There is also a soil-health dimension that rarely gets mentioned. Cotton sequesters carbon as it grows. With advances in agricultural practices, cotton also has the potential to enhance soil health, which can aid in further carbon sequestration, as healthy soils store carbon more effectively. A handloom cotton garment that composts back into the earth is, in a modest way, continuing a carbon cycle that began when the cotton plant was still growing in a field.
For a conscious consumer in India, this matters in a practical sense too. Most Indian households do not have access to industrial textile recycling. The realistic end-of-life for most garments is either passed on, repurposed, or eventually discarded. A handloom cotton piece that reaches the end of its useful life can be cut into rags, composted with kitchen waste, or buried in a garden. It asks nothing more of the infrastructure around it. A polyester garment in the same situation will sit in a landfill for generations.
The benefits of handloom cotton clothing extend well beyond aesthetics or cultural heritage — though those matter too. The fibre’s structure, its minimal processing, its compatibility with natural dyes, and its fundamental chemistry all converge on a single end-of-life outcome: it goes back to the earth without leaving a trace.
What This Means When You Choose What to Wear
Choosing handloom cotton is not a sacrifice. The fabrics are breathable, durable, and age with character. But it is worth understanding why the choice matters beyond the wearing years — because the garment’s life after your wardrobe is as significant as its life inside it.

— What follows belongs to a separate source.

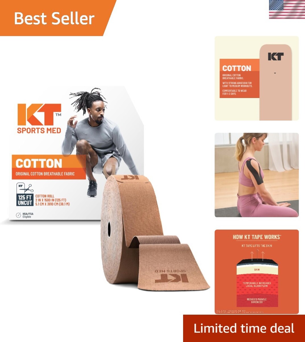 Durable and long-lasting: Crafted from classic cotton with an elastic core, this tape adheres securely for 1-3 days, even through showers or hot weather. Lightweight and breathable, it withstands the demands of your most challenging activities.

Cotton’s biodegradability means its microfibers break down in months, not centuries — with 30–90% decomposition possible within just 15–90 days under suitable conditions. Compare that to a synthetic fibre that will outlast not just you but several generations of your descendants, shedding microplastics into soil and water the entire time.
The practical guidance is straightforward. When a handloom cotton garment has genuinely reached the end of its life:
- Compost it — cut it into small pieces and add it to a compost pile with kitchen and garden waste. Avoid this only if the garment has heavy synthetic dye finishes.
- Bury it — in a garden bed, where it will decompose over several months and contribute organic matter to the soil.
- Repurpose first — worn kurtha sets become cleaning cloths; old cotton dresses become patchwork. The longer the fibre stays in use, the better.
The science on this is settled. Fabrics made from natural fibres, such as cotton and linen, decompose much quicker than those made from synthetic fibres. Natural fibres can break down within a few months to a few years, while synthetic fabrics can take hundreds of years to decompose.
Handloom cotton clothing, made without the chemical scaffolding of industrial fashion, sits at the most biodegradable end of that spectrum. It is, in the most literal sense, a garment that knows how to disappear — and in doing so, gives something back.